Exercise goal => Every entry should come back exactly as written, minus the pictures.
↓↓↓
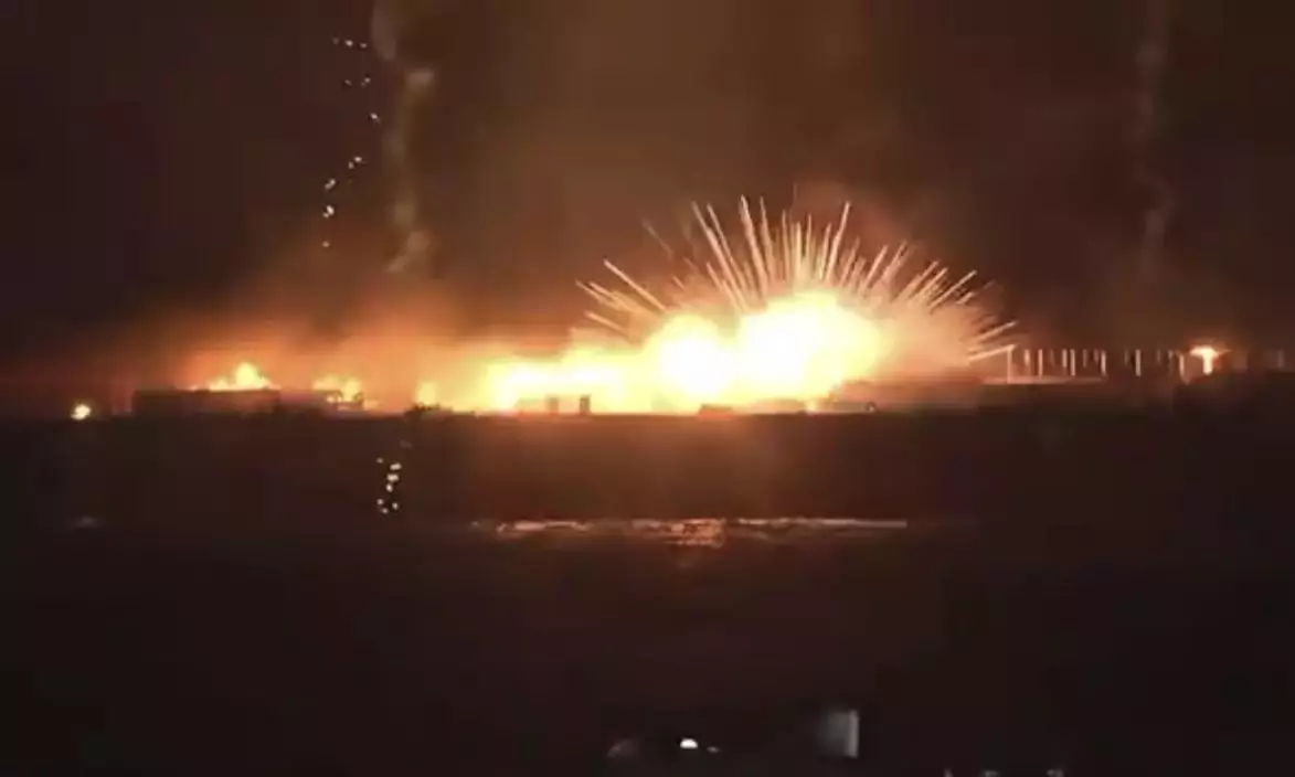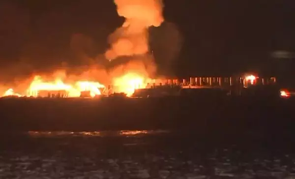 日本裝有2萬發煙花的發射船突冒火光導致活動被暫停。影片截圖
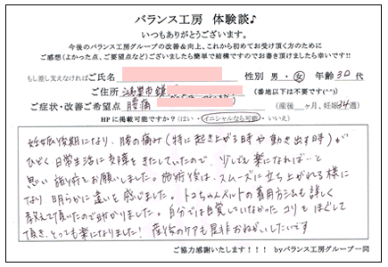 妊娠後期になり、腰の痛み(特に起き上がる時や動き出す時)がひどく、日常生活に支障をきたしていたので、少しでも楽になれば…と思い施術をお願いしました。
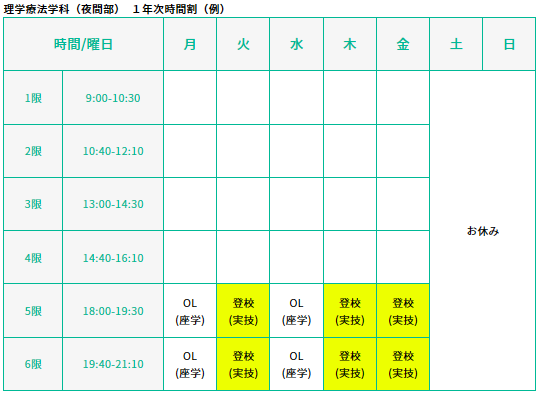• 登校(実技):18:00〜21:10
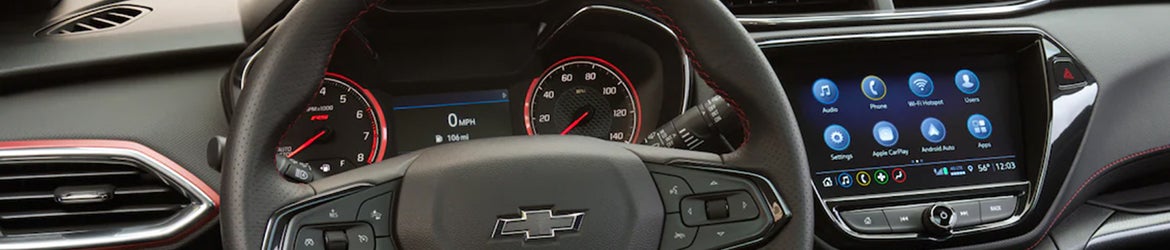 The 2023 Chevrolet Trailblazer cabin is the epitome of comfort and convenience. The entry-level LS starts with a 60/40-split folding rear seat so you can configure the cabin to allow for more passengers, cargo, or a balance. Also standard is the Chevrolet Infotainment 3 Plus System, accessed via a 7-inch touchscreen with a Wi-Fi hotspot. Go with the LT trim to add interior features such as a power-adjustable driver's seat with lumbar support and heated front seats. The RS features a leatherette with cloth upholstery and a heated steering wheel. Lastly, the premium ACTIV gets you a leather-wrapped steering wheel, shift knob, and simulated leather upholstery.
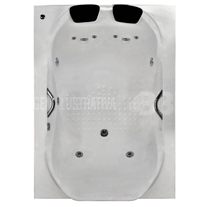 Essa banheira é equipada com: - 1 Par de alças de apoio- 2 Apoio de cabeça- 4 Jatos cromados- 6 Mini jatos- 1 Entrada de água- 1 MotoBomba de 1 cv- 1 Saída de água- 1 entrada de ar (arejador)- 1 Sucção- Tubulaçao de água dos bicos de hidromassagem- Tubulação de ar dos bicos de hidromassagem- Ralo de fundo- Bica Ladrão- Produzida em acrílico.
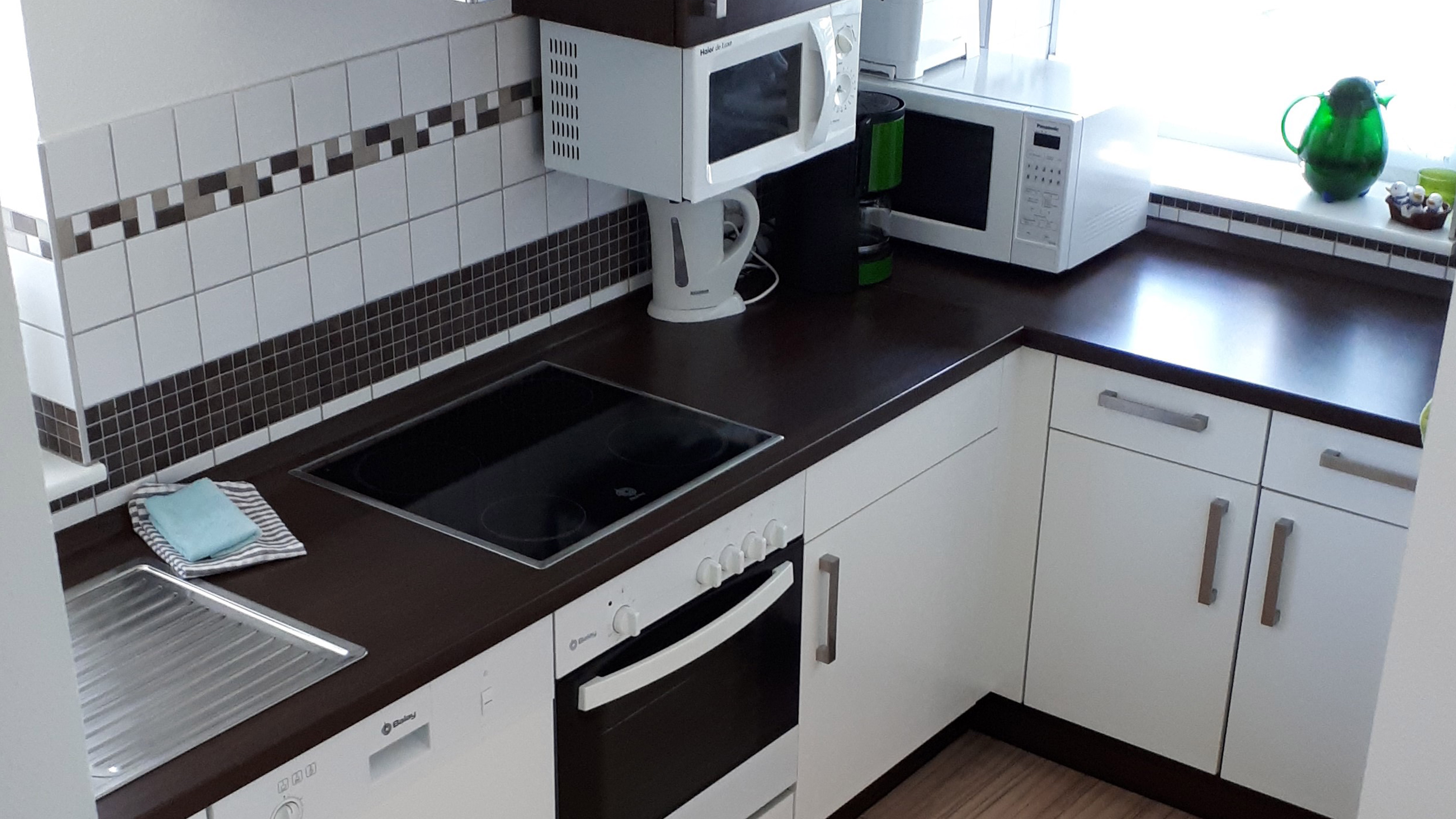 // Voll ausgestattete, moderne Küche mit Ceran-Kochfeld und Backofen, Dunstabzug, Geschirrspüler, Mikrowelle, Kaffeemaschine, Wasserkocher, Eierkocher und Toaster.
↑↑↑
Response below =>
 日本裝有2萬發煙花的發射船突冒火光導致活動被暫停。影片截圖
 妊娠後期になり、腰の痛み(特に起き上がる時や動き出す時)がひどく、日常生活に支障をきたしていたので、少しでも楽になれば…と思い施術をお願いしました。
• 登校(実技):18:00〜21:10
 The 2023 Chevrolet Trailblazer cabin is the epitome of comfort and convenience. The entry-level LS starts with a 60/40-split folding rear seat so you can configure the cabin to allow for more passengers, cargo, or a balance. Also standard is the Chevrolet Infotainment 3 Plus System, accessed via a 7-inch touchscreen with a Wi-Fi hotspot. Go with the LT trim to add interior features such as a power-adjustable driver's seat with lumbar support and heated front seats. The RS features a leatherette with cloth upholstery and a heated steering wheel. Lastly, the premium ACTIV gets you a leather-wrapped steering wheel, shift knob, and simulated leather upholstery.
 Essa banheira é equipada com: - 1 Par de alças de apoio- 2 Apoio de cabeça- 4 Jatos cromados- 6 Mini jatos- 1 Entrada de água- 1 MotoBomba de 1 cv- 1 Saída de água- 1 entrada de ar (arejador)- 1 Sucção- Tubulaçao de água dos bicos de hidromassagem- Tubulação de ar dos bicos de hidromassagem- Ralo de fundo- Bica Ladrão- Produzida em acrílico.
 // Voll ausgestattete, moderne Küche mit Ceran-Kochfeld und Backofen, Dunstabzug, Geschirrspüler, Mikrowelle, Kaffeemaschine, Wasserkocher, Eierkocher und Toaster.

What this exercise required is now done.